Halo 3: ODST (Windows Store, 10 hours)

Halo 3: ODST, at the time of its release, was a game about looking cool more than anything else. The game takes place mostly at night, and you have a special visor (spelled VISR in-game) that lights up important parts of the world map. Yes, the game features a world map, and you traverse the large area to uncover little hints of where the other “troopers” have been, which triggers a story sequence that lets you play as that trooper in a little vignette gameplay segment. For example, the main character (the “rookie”) might uncover a remote detonator, only to then play a segment where a different trooper, at the end of the segment, remotely detonates a bridge. There are six main segments, and five DLC segments, all of which come included in the Master Chief Collection. Unfortunately though, there’s a bug in MCC that locks you out of the DLC unless you plow through after mission six without any breaks.

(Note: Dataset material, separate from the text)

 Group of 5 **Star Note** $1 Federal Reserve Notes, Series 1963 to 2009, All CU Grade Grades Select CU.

So this will be a review of the main game. 

Again, this game was designed to look cool. I remember being absolutely blown away by the graphics when the game was new, but a lot of time has passed, and it’s getting hard to go back to the early HD 360 era. You play as the rookie on a team of Orbital Drop Ship Troopers, and embark on a mission that’s expected to go poorly. The game opens with a Star Wars-like text explanation of the story so far, and says your losing the war against the aliens. You get into these little skirmishes in the overworld but, they are hardly the highlight of the game. The highlight is uncovering artifacts and playing as other troopers after that.

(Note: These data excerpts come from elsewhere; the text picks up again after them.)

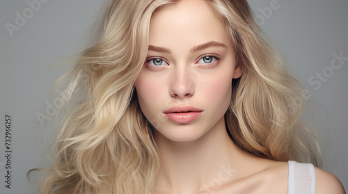 Portrait of a beautiful, elegant, sexy Caucasian woman with perfect skin and white long hair, on a gray background.
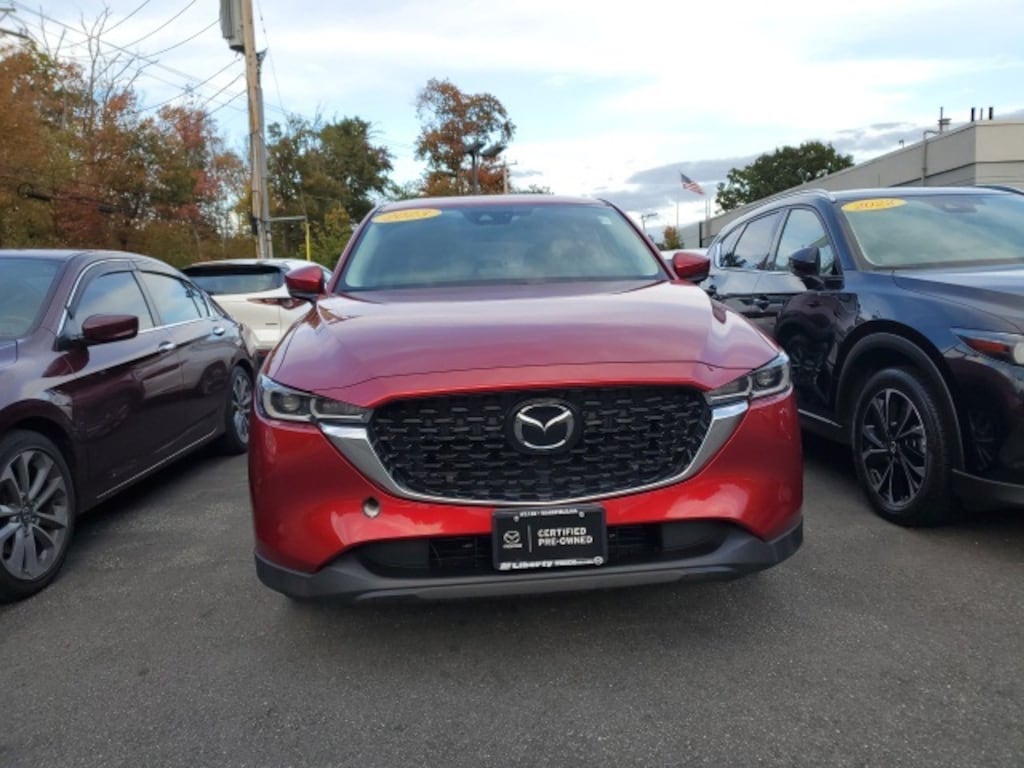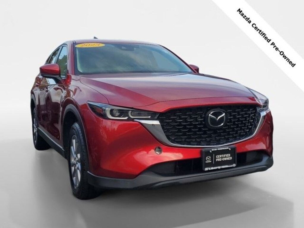 Liberty Mazda is proud to present you with another True Market Priced Pre-Owned Vehicle. This 2023 Mazda CX-5 2.5 S Select Package Mazda Certified Pre-Owned is loaded with the following Factory Options: Mazda Certified Pre-Owned Certified, 4-Wheel Disc Brakes, 4.624 Axle Ratio, 6 Speakers, ABS brakes, Air Conditioning, Alloy wheels, AM/FM radio, AppLink/Apple CarPlay and Android Auto, Auto High-beam Headlights, Automatic temperature control, Brake assist, Bumpers: body-color, Delay-off headlights, Driver door bin, Driver vanity mirror, Dual front impact airbags, Dual front side impact airbags, E911 Automatic Emergency Notification, Electronic Stability Control, Emergency communication system: MAZDA CONNECT, Exterior Parking Camera Rear, Four wheel independent suspension, Front anti-roll bar, Front Bucket Seats, Front Center Armrest w/Storage, Front dual zone A/C, Front reading lights, Fully automatic headlights, Heated Front Bucket Seats, Heated front seats, Illuminated entry, Infotainment System Voice Command, Leather Shift Knob, Leatherette Seat Trim, Low tire pressure warning, Multifunction Commander Control, Occupant sensing airbag, Outside temperature display, Overhead airbag, Overhead console, Pandora, Panic alarm, Passenger door bin, Passenger vanity mirror, Power door mirrors, Power driver seat, Power steering, Power windows, Radio Broadcast Data System Program Information, Radio data system, Radio: AM/FM/HD Audio System, Rain sensing wipers, Rear anti-roll bar, Rear reading lights, Rear seat center armrest, Rear window defroster, Rear window wiper, Remote keyless entry, SMS Text Msg Audio Delivery & Reply, Soul Red Crystal Metallic Paint, Speed control, Speed-sensing steering, Split folding rear seat, Spoiler, Steering wheel mounted audio controls, Tachometer, Telescoping steering wheel, Tilt steering wheel, Traction control, Trip computer, Turn signal indicator mirrors, Variably intermittent wipers, and Wheels: 17" x 7J Aluminum Alloy!!
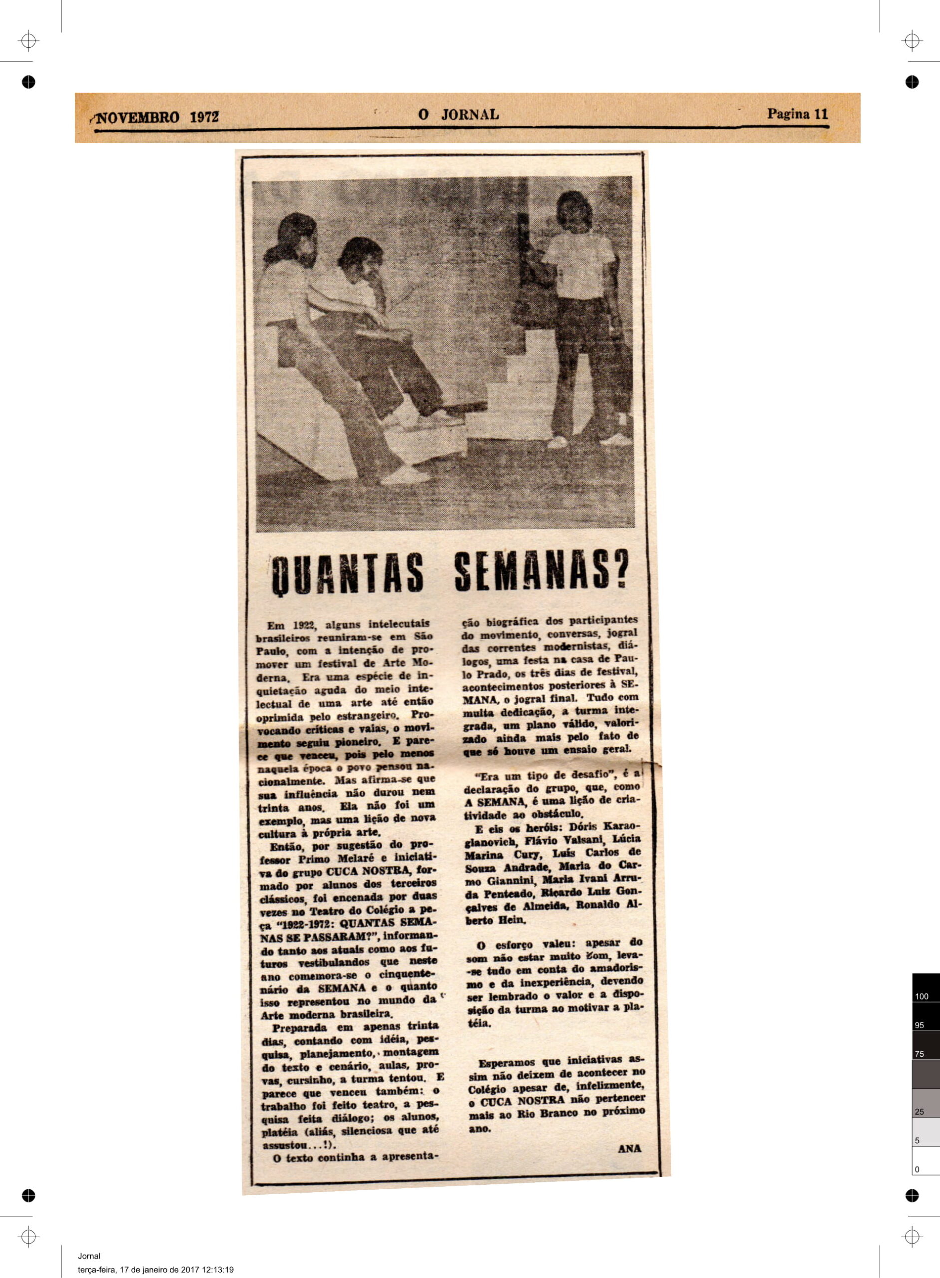 - O teatro é meu segundo amor, depois da poesia, graças ao espetáculo “Navalha na Carne” de Plínio Marcos no Teatro Oficina no final dos anos de 1960. Foi no Colégio Rio Branco que comecei a exercer a dramaturgia, ao escrever, dirigir e atuar em duas peças em 1972: a primeira, chamada “Recado”, apresentava a situação de um homem de hoje que, ao entrar numa livraria, passava a ouvir e conversar com as vozes dos grandes filósofos gregos; a segunda, batizada de “1922-1972: Quantas semanas se passaram?”, mostrava a saga da Semana de Arte Moderna de 1922.

The game can be … hard. I played on the normal difficulty, but even that got tough in places. It really just depends where you are in the missions. In comparison, I remember the original Halo 3 being a lot easier, but I played co-op with someone who was better than I am at Halo, so that could have been a factor. The main story has you playing as six troopers on various missions, as well as playing as the rookie in the overworld, but all the characters control exactly the same. I think it would have been cool if the characters controlled differently, maybe akin to Team Fortress 2, but this is a Halo game. Basically every game in the series controls exactly the same.

I think this game’s biggest failing is that, quite simply, it shipped broken. I got to play the main game (the first six missions) before it asked me to “buy” the DLC, even though I technically own it as part of the Master Chief Collection. There is absolutely no ability to buy the DLC in the Windows Store, and everyone knows the Master Chief Collection is supposed to ship with all the DLC anyway. Of course, if I were playing when ODST was a new game, this wouldn’t be an issue, but I have to rate the game based off how it was sold to me on the Windows Store, which is broken. I guess another major criticism is that the game is trying too hard to look cool and not trying hard enough to be a good Halo game.

Some people say my problem can be fixed by upgrading to Windows 11, which I can’t do because my computer lacks some tiny $110 DRM module. Also, I don’t know if people playing MCC on Xbox are having the same problem. But the fact remains, the game shouldn’t be broken, especially this long after it’s been released. The actual game, well, it’s pretty good, but it’s not as good as the original Halo: Combat Evolved or even Halo 3. It’s probably a better value proposition when you include the DLC, but I can’t rate what I can’t play. A strong “don’t buy” from me, and shame on 343 Industries for not doing Bungie’s classic series justice.